**Dataset:**
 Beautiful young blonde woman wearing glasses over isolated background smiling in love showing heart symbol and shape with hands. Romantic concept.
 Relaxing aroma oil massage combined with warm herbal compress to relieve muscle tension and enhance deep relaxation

---

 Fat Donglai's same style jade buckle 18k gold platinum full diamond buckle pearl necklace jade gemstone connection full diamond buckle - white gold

**Work request:**
Copy exactly the stretch of data above from the line with "Beautiful young blonde" through the line with "Relaxing aroma oil", and omit all other lines.

**Exercise response:**
 Beautiful young blonde woman wearing glasses over isolated background smiling in love showing heart symbol and shape with hands. Romantic concept.
 Relaxing aroma oil massage combined with warm herbal compress to relieve muscle tension and enhance deep relaxation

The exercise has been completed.